An alternative OpenFst-based aligner for grapheme-to-phoneme conversion.
Tested with CMUdict, and with 1.8M entry Russian lexicon. UTF8 compliant, much lower memory than previous versions.
REQUIREMENTS: Requires OpenFst v1.4.1+. This version of OpenFst breaks compatibility with previous versions. It requires -std=c++0x. You can get it here:
http://openfst.org/twiki/pub/FST/FstDownload/openfst-1.4.1.tar.gz
USAGE:
#Basic usage
$ cd src/ && make install && cd ..
$ ./altfst-align --corpus=input.dict --verbose=2 > output.corpus
#For numerous options
$ ./altfst-align --help
#Sample toy data to illustrate default formatting
AABERG AA B ER G
AACHEN AA K AH N
A AH
AAKER AA K ER
AALSETH AA L S EH TH
AAMODT AA M AH T
AANCOR AA N K AO R
AARDEMA AA R D EH M AH
AARDVARK AA R D V AA R K
WARNING:
- Tested only on latest Ubuntu.
More or less the same thing that is in Phonetisaurus.

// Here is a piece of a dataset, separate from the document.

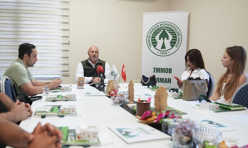 Türk Mühendis ve Mimar Odaları Birliği (TMMOB) Orman Mühendisleri Odası Genel Başkanı Hasan Türkyılmaz, Orman Mühendisleri Odası'nda düzenlenen basın toplantısında konuşma yaptı.

Intended to replace M2MAligner, this version stores the alignment Fsts offline in a FarArchive during training.
Achieves more or less identical accuracy on the CMU datasets (see below), but makes some important improvements:
- Extremely low memory: 300+MB -> 25MB (CMUdict)
- Roughly %10 faster.
- Hopefully better code as well.
Results are a tiny bit different to the original and produce different accuracies in the G2P model-building and decoding stages:
Original:
Words: 12000 Hyps: 12000 Refs: 12000
######################################################################
EVALUATION RESULTS
----------------------------------------------------------------------
(T)otal tokens in reference: 75790
(M)atches: 71721 (S)ubstitutions: 3630 (I)nsertions: 362 (D)eletions: 439
% Correct (M/T) -- %94.63
% Token ER ((S+I+D)/T) -- %5.85
% Accuracy 1.0-ER -- %94.15
--------------------------------------------------------
(S)equences: 12000 (C)orrect sequences: 9070 (E)rror sequences: 2930
% Sequence ER (E/S) -- %24.42
% Sequence Acc (1.0-E/S) -- %75.58
######################################################################
AltFstAligner:
Words: 12000 Hyps: 12000 Refs: 12000
######################################################################
EVALUATION RESULTS
----------------------------------------------------------------------
(T)otal tokens in reference: 75774
(M)atches: 71692 (S)ubstitutions: 3630 (I)nsertions: 366 (D)eletions: 452
% Correct (M/T) -- %94.61
% Token ER ((S+I+D)/T) -- %5.87
% Accuracy 1.0-ER -- %94.13
--------------------------------------------------------
(S)equences: 12000 (C)orrect sequences: 9066 (E)rror sequences: 2934
% Sequence ER (E/S) -- %24.45
% Sequence Acc (1.0-E/S) -- %75.55
######################################################################
I'm not sure exactly where the difference is coming from yet, but I suspect that it is not statistically significant. Could be nice for model combination.